# ASSIGNED TASK
Once you find the line with "поворотный излив |" in the data below, transcribe exactly each line from there to the line with "中国东方资产管理股份有限公司浙江省分公司债务催收公告", inclusive, and nothing else. Drop the pictures.

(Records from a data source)

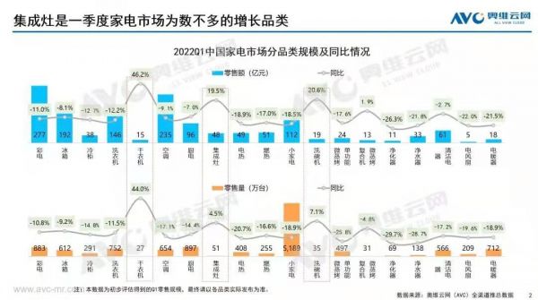 奥维云网:集成灶是2022一季度家电市场为数不多的增长品类
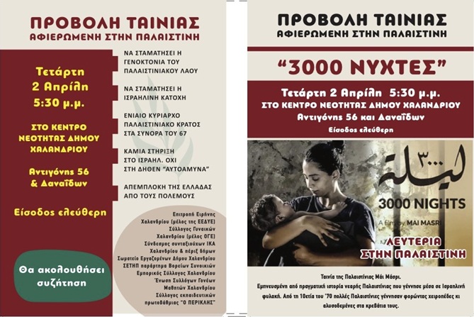 8 φορείς του Χαλανδρίου διοργανώνουν την προβολή της ταινίας «3000 νύχτες».
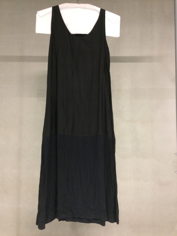 Lange zwarte mouwloze onderjurk met wijde en ronde hals
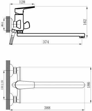 | Особенности : | S-образные эксцентрики, антиизвестковое покрытие, аэратор, встроенный фильтр, держатель душевой лейки, поворотный излив |
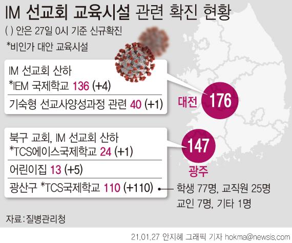 ¹æ¿ª´ç±¹ÀÌ 27ÀÏ 0½Ã±îÁö ¿ªÇÐÁ¶»ç¸¦ ½Ç½ÃÇÑ °á°ú ´ëÀü IEM±¹Á¦Çб³ °ü·Ã È®ÁøÀÚ 5¸íÀÌ ´Ã¾î ´©Àû 176¸íÀÌ´Ù. ±¤ÁÖ¿¡¼´Â ºÏ±¸ ¼ÒÀç ±³È¸¿Í IM¼±±³È¸ ºñÀΰ¡ ´ë¾È ±³À°½Ã¼³(TCS ¿¡À̽º) °ü·ÃÇØ 116¸íÀÇ È®ÁøÀÚ°¡ Ãß°¡µÅ ÃÑ 147¸íÀÌ °¨¿°µÆ´Ù.
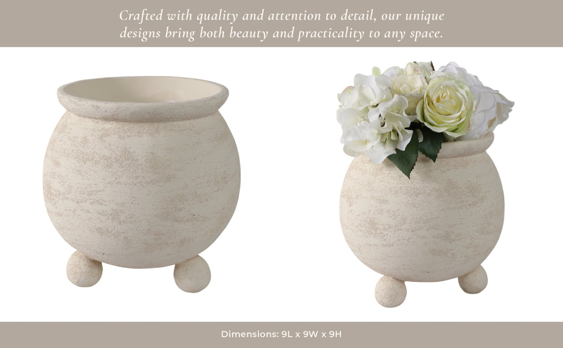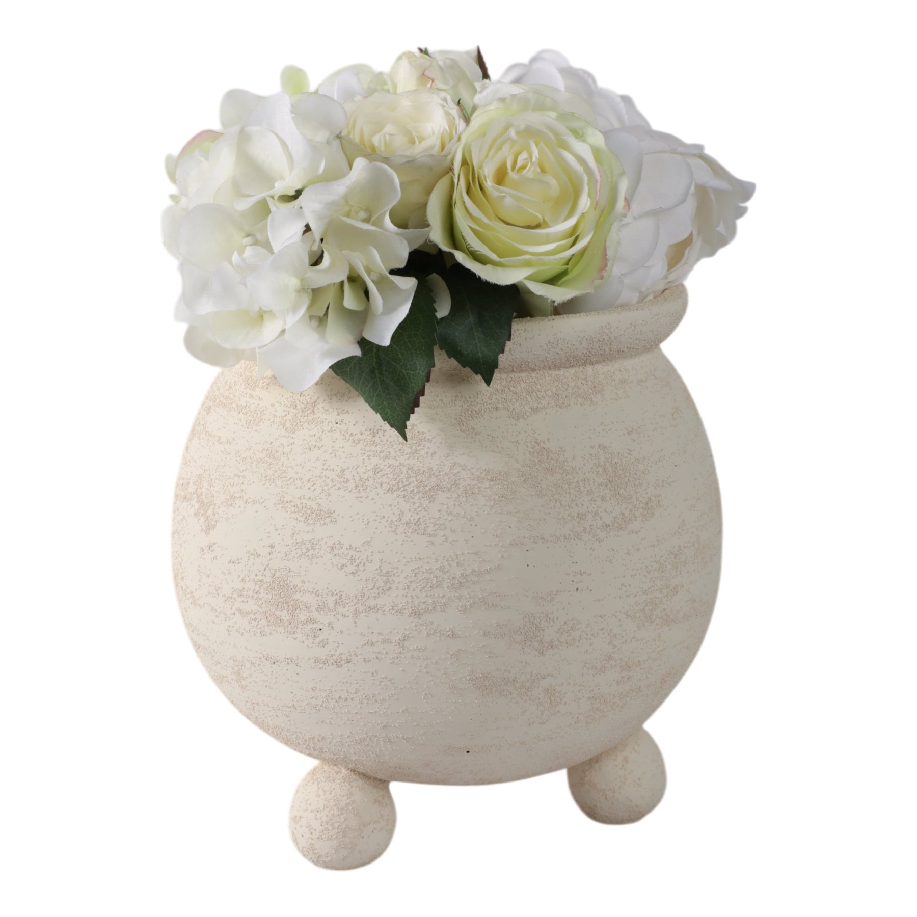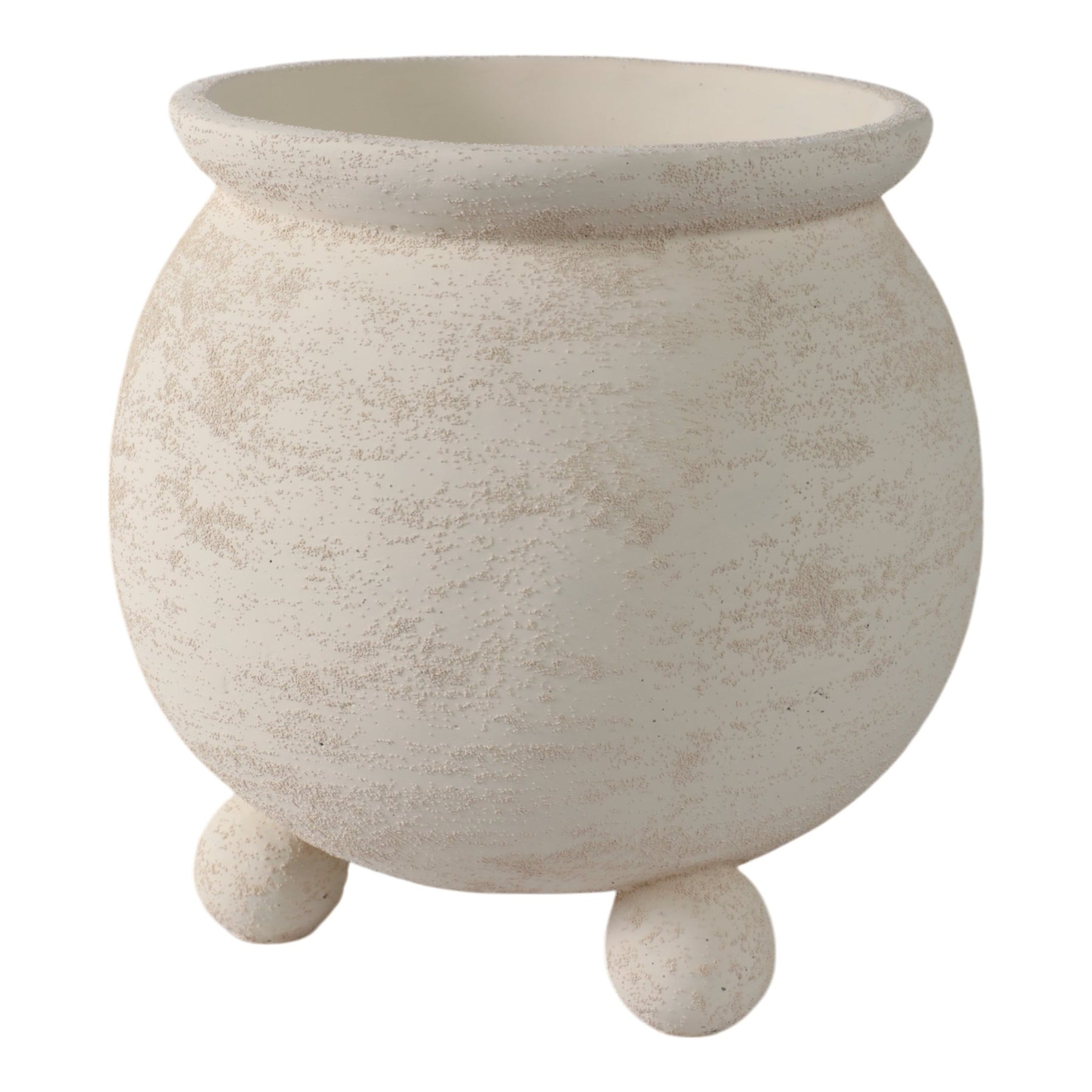 9x9" Textured Rounded Planter On Ball Feet, Ivory
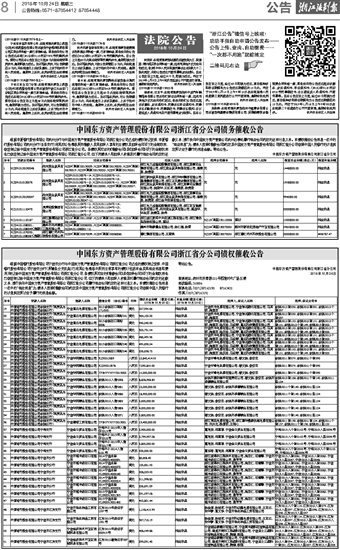 中国东方资产管理股份有限公司浙江省分公司债务催收公告
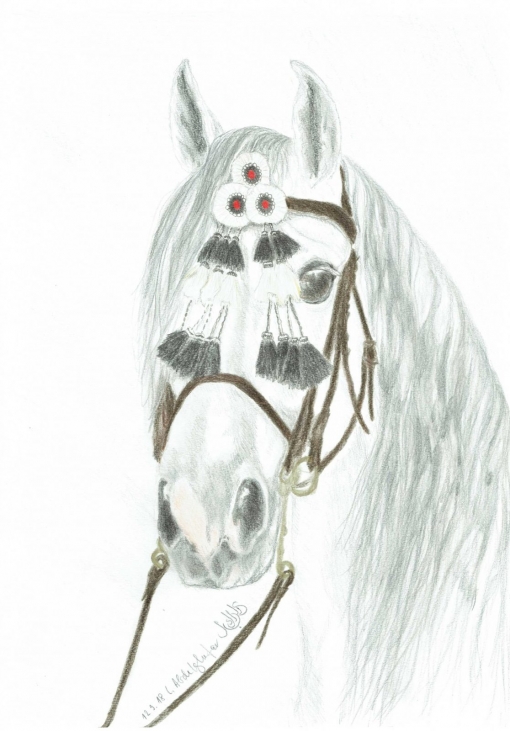 Diese Buntstiftzeichnung zeigt das fein ausgearbeitete Porträt Andalusier-Hengtes mit traditioneller Zäumung. Im Fokus steht der Kopf des Pferdes, der im Profil dargestellt ist und sich durch markante, elegante Züge auszeichnet. Die großen, ausdrucksstarken Augen und die aufmerksam gespitzten Ohren verleihen dem Tier eine lebendige und würdevolle Ausstrahlung. Die Mähne ist in weichen, fließenden Strichen gezeichnet, die die Textur des Pferdehaars geschickt einfangen. Insgesamt vermittelt die Zeichnung eine Mischung aus technischer Präzision und künstlerischer Sensibilität. Sie fängt nicht nur die physische Schönheit des Pferdes ein, sondern auch seinen noblen Charakter und seine Anmut.
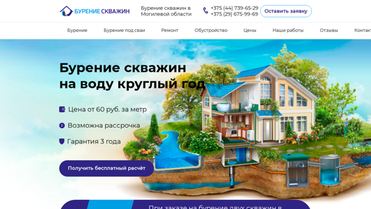 | Название / Заголовок | Бурение скважин в Могилеве по недорогой цене в рассрочку 0% под ключ |
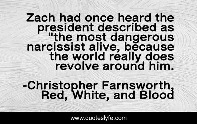 This page presents the quote "Zach had once heard the president described as "the most dangerous narcissist alive, because the world really does revolve around him.". Author of this quote is Christopher Farnsworth, Red, White, and Blood. This quote is about narcissism, president-s-vampire, vampire, nathaniel-cade, narcissist, president,.

# RESULT
 | Особенности : | S-образные эксцентрики, антиизвестковое покрытие, аэратор, встроенный фильтр, держатель душевой лейки, поворотный излив |
 ¹æ¿ª´ç±¹ÀÌ 27ÀÏ 0½Ã±îÁö ¿ªÇÐÁ¶»ç¸¦ ½Ç½ÃÇÑ °á°ú ´ëÀü IEM±¹Á¦Çб³ °ü·Ã È®ÁøÀÚ 5¸íÀÌ ´Ã¾î ´©Àû 176¸íÀÌ´Ù. ±¤ÁÖ¿¡¼´Â ºÏ±¸ ¼ÒÀç ±³È¸¿Í IM¼±±³È¸ ºñÀΰ¡ ´ë¾È ±³À°½Ã¼³(TCS ¿¡À̽º) °ü·ÃÇØ 116¸íÀÇ È®ÁøÀÚ°¡ Ãß°¡µÅ ÃÑ 147¸íÀÌ °¨¿°µÆ´Ù.
 9x9" Textured Rounded Planter On Ball Feet, Ivory
 中国东方资产管理股份有限公司浙江省分公司债务催收公告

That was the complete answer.